On 22 August 1890 in Wigan, Crippen was involved in what The Wigan Observer And District Advertiser described as an "Exciting Scene in Wallgate":

"About noon yesterday (Friday), an exciting scene was witnessed in Wallgate, near the end of Queen-street. A girl named Ellen Moore, 13 years of age, of 54, Clayton-street, Wigan, was crossing the road, carrying a child two years of age, when she was knocked down by a hansom cab owned by Mr. Crippin, Bryn. The girl's attention was evidently attracted by something coming up Wallgate, for she did not appear to hear the cries of the driver of the cab, and before he could stop his horse the girl was knocked down and the wheels of the vehicle had passed over her legs. The baby was in great danger, and the spectators shrieked as they saw it down and the vehicle advancing. Fortunately Police-constable Wilkinson was at hand, and by his presence of mind and prompt action the child's life was saved. Springing forward he seized the horse and stopped it, just as the wheel of the cab was about to pass over the child's neck. Mr. Crippin was in the cab going to the London and North-Western Station, and he alighted and told the officer to get a doctor and he would pay the expense. When he had gone to the station, Mr. Crippin sent his cab back to take the girl and child home. The girl was taken to the surgeries of Dr. Berry and Dr. Bradbury, but they were not in, and they were removed home and attended by Dr. Timothy. No bones were broken, but the girl's left knee was badly injured, and the child's forehead was hurt. The cab was driven by Bernard Doodge, but he was in no way to blame for the accident."

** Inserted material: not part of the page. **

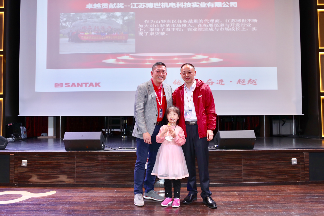 會議期間,山特對過去一年取得卓越業績及做出突出貢獻的代理商伙伴舉辦了熱烈的“杰出代理商”頒獎典禮,與合作伙伴相互勉勵、共同分享。獲獎代理商攜其子女共同上臺領獎成為本屆頒獎典禮的一大特色,伊頓電氣集團電能質量渠道業務部亞太區總經理劉耀宗(Andy Low)親自頒獎,孩子們從中也感受到山特大家庭團結、進取、拼搏的精*。

Bryn Hall at Ashton in Makerfield was the Crippin family home while they ran the colliery. Edward Crippen lived at Bryn Hall until the 1890 incident after which he was frowned on by local residents. As a result he moved to Bank Hall, Bretherton and travelled to Ashton in Makerfield to run his business.

Crippin's memorial at Manchester Crematorium gives his address at the time of death as Bryn Hall where he lived at the time of the 1881 census. The 1891 census shows he moved to Bank Hall, Bretherton where he died of pneumonia on 3 February 1892 aged 44. His cremation took place at Woking Crematorium, Surrey.